- **Records for processing**:
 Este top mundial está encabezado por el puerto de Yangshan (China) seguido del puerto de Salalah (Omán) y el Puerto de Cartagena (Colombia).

---

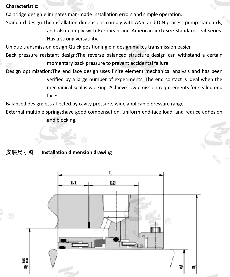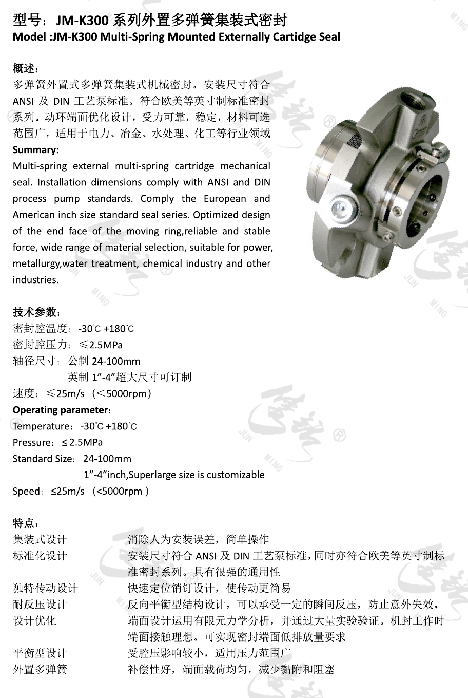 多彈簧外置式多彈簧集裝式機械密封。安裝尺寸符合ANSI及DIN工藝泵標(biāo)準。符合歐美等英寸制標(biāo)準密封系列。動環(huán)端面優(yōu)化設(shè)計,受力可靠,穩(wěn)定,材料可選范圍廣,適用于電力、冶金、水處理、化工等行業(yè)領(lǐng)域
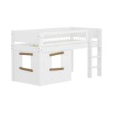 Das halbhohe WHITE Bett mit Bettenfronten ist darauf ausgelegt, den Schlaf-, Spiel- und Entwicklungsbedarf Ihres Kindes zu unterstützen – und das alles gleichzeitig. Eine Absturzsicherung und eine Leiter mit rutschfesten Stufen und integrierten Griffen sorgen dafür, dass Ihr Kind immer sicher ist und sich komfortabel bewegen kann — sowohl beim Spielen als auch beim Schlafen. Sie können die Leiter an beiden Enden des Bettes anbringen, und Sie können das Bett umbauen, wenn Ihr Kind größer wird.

...

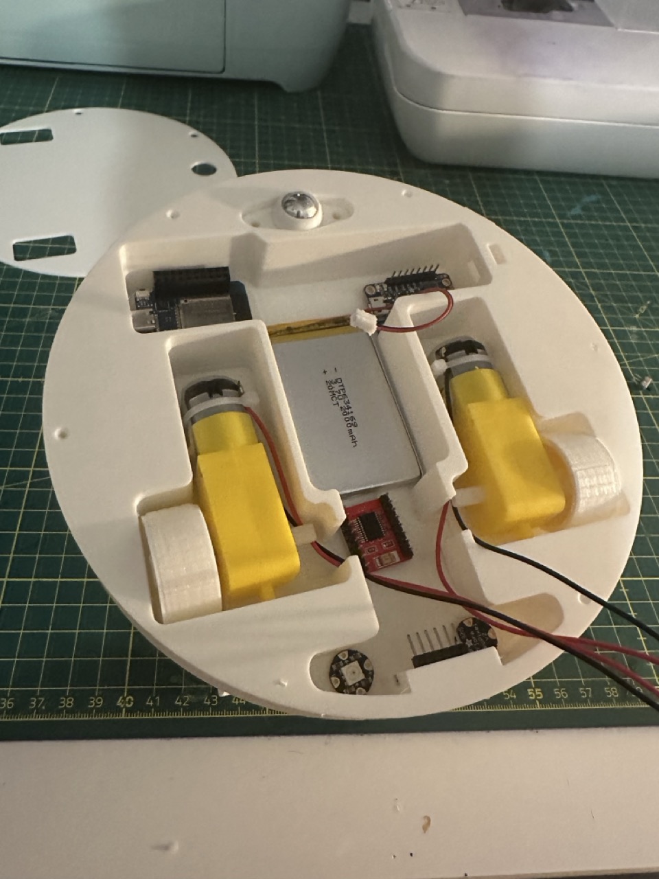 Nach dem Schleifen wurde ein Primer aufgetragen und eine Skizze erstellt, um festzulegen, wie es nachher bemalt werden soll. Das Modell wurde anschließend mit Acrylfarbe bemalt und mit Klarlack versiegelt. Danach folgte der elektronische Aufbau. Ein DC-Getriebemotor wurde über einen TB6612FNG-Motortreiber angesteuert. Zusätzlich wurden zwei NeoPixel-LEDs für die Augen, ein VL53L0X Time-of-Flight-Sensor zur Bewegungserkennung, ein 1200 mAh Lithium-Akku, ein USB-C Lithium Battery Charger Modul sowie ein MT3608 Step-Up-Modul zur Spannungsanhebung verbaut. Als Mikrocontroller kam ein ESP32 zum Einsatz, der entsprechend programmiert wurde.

- **Work task**: Line for line, output the entries above from the line with "多彈簧外置式多彈簧集裝式機械" to the line with "Das halbhohe WHITE", both included, and nothing more. Skip pictures.

- **Exercise solution**:
 多彈簧外置式多彈簧集裝式機械密封。安裝尺寸符合ANSI及DIN工藝泵標(biāo)準。符合歐美等英寸制標(biāo)準密封系列。動環(huán)端面優(yōu)化設(shè)計,受力可靠,穩(wěn)定,材料可選范圍廣,適用于電力、冶金、水處理、化工等行業(yè)領(lǐng)域
 Das halbhohe WHITE Bett mit Bettenfronten ist darauf ausgelegt, den Schlaf-, Spiel- und Entwicklungsbedarf Ihres Kindes zu unterstützen – und das alles gleichzeitig. Eine Absturzsicherung und eine Leiter mit rutschfesten Stufen und integrierten Griffen sorgen dafür, dass Ihr Kind immer sicher ist und sich komfortabel bewegen kann — sowohl beim Spielen als auch beim Schlafen. Sie können die Leiter an beiden Enden des Bettes anbringen, und Sie können das Bett umbauen, wenn Ihr Kind größer wird.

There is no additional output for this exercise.